Jude was good about that sort of thing. Sharing and sometimes oversharing. They’d been thrown together at family functions a few more times and he’d eventually grown to enjoy her consistent stream of conversation. It was a nice respite from the rancor of the grown-ups, and even after the split, Jude never allowed Sam to lose touch. And he’d tried. Jude remembered birthdays and sent silly messages at the holidays with unsolicited updates from her life. Her congeniality was unflappable. Sam meanwhile had no idea when her birthday was ever since he deleted all his social media accounts.
“Do you want a coffee or something?” he asked.
“Iced please.”
“Milk and sugar?” Another fact he didn’t know about her.
“Tons,” she said, beaming.
? ? ?
“Yaasssssssssssss!!!!!”
A tall brown-haired girl dressed as if she were attending a desert festival galloped in, trailed by someone bearing an uncanny resemblance to the tiny Asian girl from the Japanese horror movie The Grudge.
“Yasssssss!!!” shrieked Jude back, hugging the brunette as the tassels on her shirt jangled.

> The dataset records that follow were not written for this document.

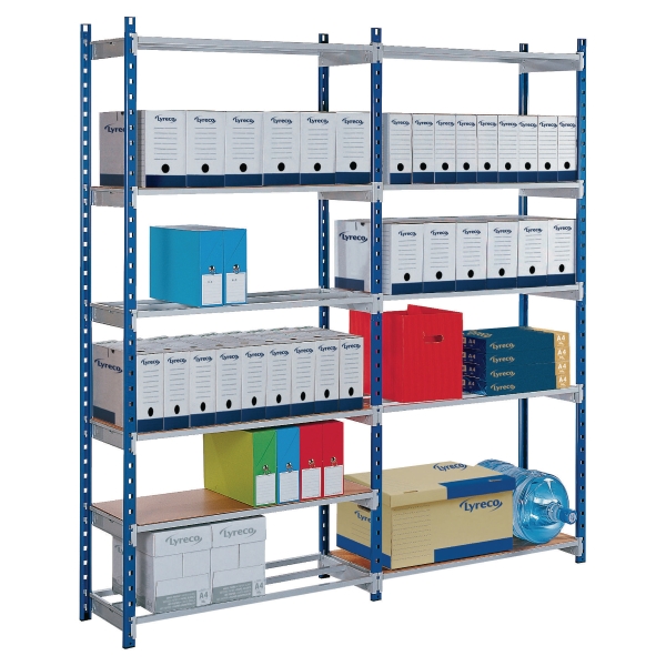 Structure en acier 12.5/10eme finition epoxy bleu. 5 tablettes claires voies en acier 8 et 10/10eme finition epoxy gris. fixation des tablettes par connecteurs 2 griffes. tablettes reglables tous les 5 cm, charge utile : jusqu’a 180 kg par tablette. livre a plat, montage facile par simple emboitement. possibilite d’ajouter un ou plusieurs elements pour constituer des rayonnages illimites. jusqu’a 7 niveaux pour boites d’archives ou stockage. dimensions exterieures : h 200 x l 100 x p 34 cm. produit soumis a eco-contribution. possibilite de prestation de montage.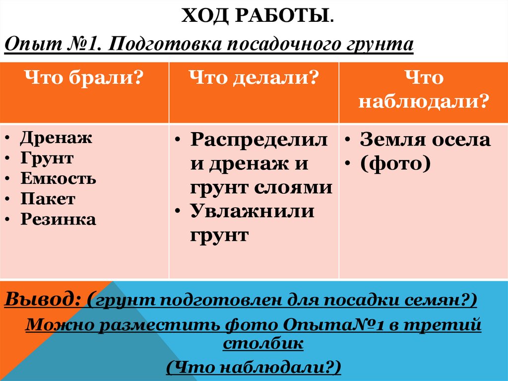 ХОД РАБОТЫ.Опыт №1. Подготовка посадочного грунта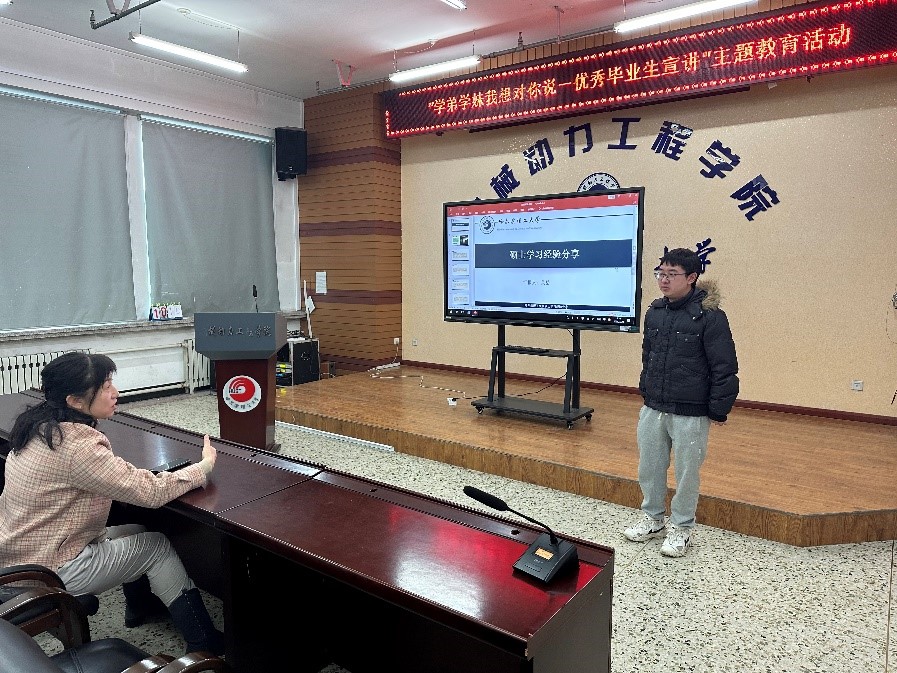 随后,优秀硕士毕业生申佳宁从研究生学习、实践、工作三方面给学弟学妹做了经验分享,重点介绍了职业选择和求职经历经验,在理论知识学习方面,她建议学弟学妹要重视专业理论知识学习的同时,要在研究生导师指导下,积极参与导师科研项目和专业学科竞赛,多读、多思、多写、多参与科研项目和文献学习。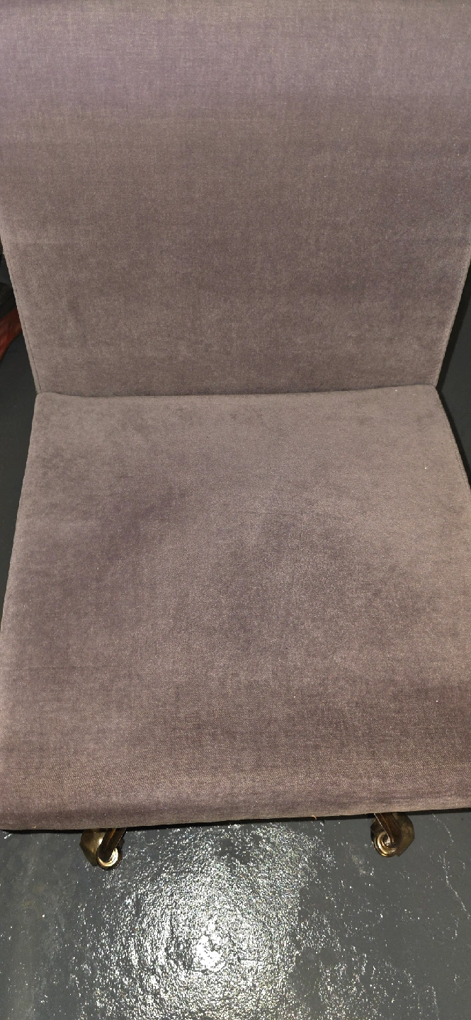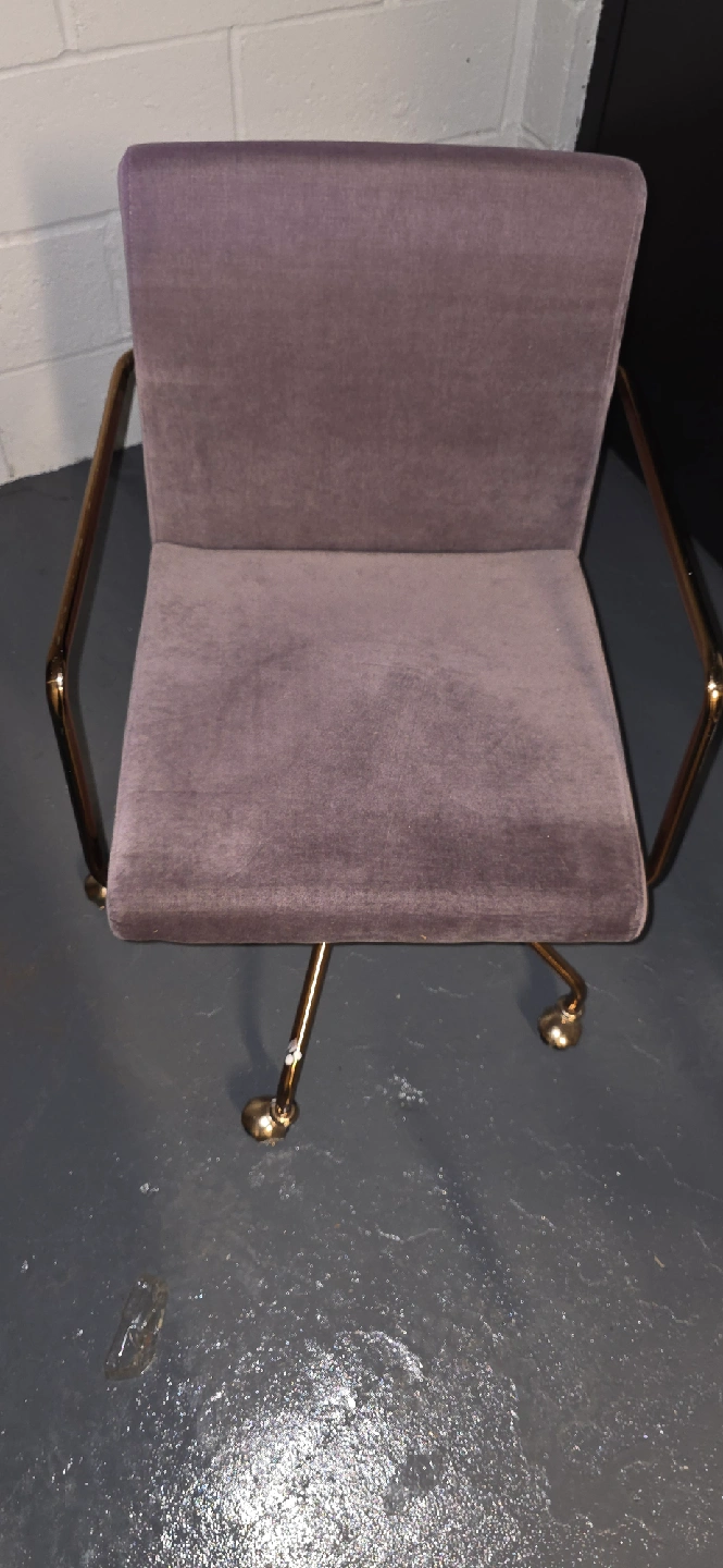 Selling a stylish gray velvet chair featuring a unique gold metal frame. This chair would be a chic addition to any room. It's in great condition and ready for a new home

“Bitch, finally!” yelled the taller girl. Their long knobby limbs reminded Sam of king crabs clasped in an embrace.
The Asian girl smiled at him for a second, then changed her mind. He responded with a grimace.
Jude untangled her tanned arms and lunged for the shorter girl.
“Hiiiiiiiiii,” sang Jude into her hair, practically lifting her off the floor. “Yay, it’s Penny.”
The girl patted his niece’s back twice—pat, pat—and locked eyes with him helplessly.
“This is my best friend, Mallory,” Jude said. “And my roommate, Penny.”
“So, you’re Uncle Sam,” said Mallory, reaching for his hand. She had a firm handshake. The sort that quickly became a contest.
“I’m Mallory Sloane,” said Mallory Sloane.
“Pleasure,” he said, refusing to acknowledge her grip. She bit her lower lip in a seductive manner. Sam smiled and quickly said hi to the other one. She waved at a spot slightly left of his ear.
“So, what can I do for you ladies today?”
“Can you make me a flat white?” asked Mallory, who kept her sunglasses on inside.
Sam loathed the arbitrary taxonomy of fiddly coffee drinks and had long since learned them all out of spite.
“Sure,” he said, grinding beans for a short shot.
“Do you know what that is?” she challenged.
“Yep,” he said. “Latte with a modified espresso to milk ratio. With microfoam.”
“Nice try, Mal,” said Jude.
“What are you having,” he asked. “Penny was it?”
Sam followed Penny’s sight line to her shoes. Which, coincidentally, were exactly his shoes though smaller.
“Great taste,” he said, nodding at her feet.
Penny’s mouth made the shape of an “O,” but no sound escaped.
Dorm lotteries made for the funniest groupings. Sam’s old freshman roommate, Kirin Mehta, used to sleepwalk and sleep-pee in a corner of their living room every weekend. Sam hoped that these two girls—the mute and the sexpot—got along for Jude’s sake.